Pink Bats In The Belfry
Instead of Who’s on first, What’s on second and I Don’t Know’s on third base the new routine should be Who came up with this idea, What the hell were they thinking and I Don’t Know how much more of this I can take.
As I flipped through the channels on the TV tonight I come across the ESPN Sunday night baseball game broadcast. The Boston Red Sox were facing the Tampa Bay Devil Rays in venerable Fenway Park. There in that storied ball field complete with the Big Green Monster looming in left field the players took their positions with each wearing a pink ribbon on their uniform to signify breast cancer awareness.
As I have mentioned before; the pink ribbon symbol has gone from meaningful to mirthful. It now adorns every conceivable article from tampons to tatter tots, bowling balls to baby food, license plates to licorice sticks and nightgowns to NASCAR. The symbol itself is supposed to increase breast cancer awareness but quite frankly at this point anyone who is not aware of breast cancer would have to live under a rock. It has become overused, overexposed and completely over the top.

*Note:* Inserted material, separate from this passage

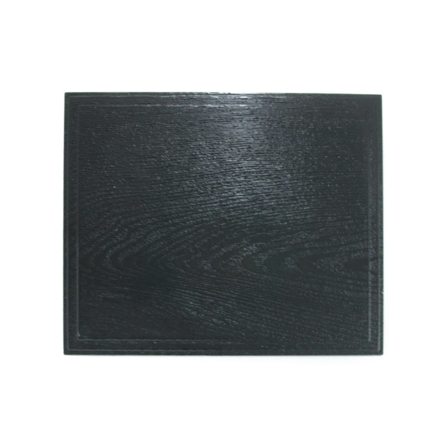 The bento box is designed to resemble traditional Japanese lacquered wood. The outside of the box is black with a wood-grain texture, while the interior is a glossy red.

Still, had the small pink symbol sewn onto each player’s jersey been the only identifying agent of the campaign I would have simply shook my head and let it go. But that was not the case.
No, Major League Baseball had to go big with their pink ribbon promotion. As I watched with both cynical amusement and disappointed disbelief each batter walked up to the plate to take his cuts at a 90 mile per hour fast ball or a slow sinking slider with a bright pink bat. Furthermore most of the players were wearing bright pink sweat bands on their wrists. Instead of a major league baseball game it looked much more like a comedic parody of an episode of “Queer Eye for the Straight Guy”.
Abner Doubleday had to be spinning like a lathe.
Doubleday is alleged to have created the game of baseball sometime around 1836 in Cooperstown, New York. He also was the patent holding creator of the cable car system still used in San Francisco. But beyond his great creations the fabled godfather of the national pastime was himself a lifelong military man and retired as a general having served in the union forces of the civil war. He graduated from the United States Military Academy in 1842 and retired from his military career over thirty years later in 1873. As the United States Marine Corps prepares to kick off its inaugural week of Marine Week celebrations do you think Major League Baseball would tie into Doubleday’s military career and honor our Marine veterans with some public display? Nope. Instead we get pink bats and wrist bands.
It is not that breast cancer awareness is not an important cause. Breast cancer is a rapacious killer of far too many women. But bright pink baseball bats are not the answer.
According to statistics there will be more incidences of prostate cancer than breast cancer this year. The guys out there playing tonight on the field of bad dreams are far more likely to personally encounter that form of cancer than breast cancer. But the marketing arm for prostate cancer or colon cancer or lung cancer is not a market savvy as the pink ribbon brigade.
No, pink bats and wrist bands did not make me any more aware of breast cancer. They just made me turn off the ballgame.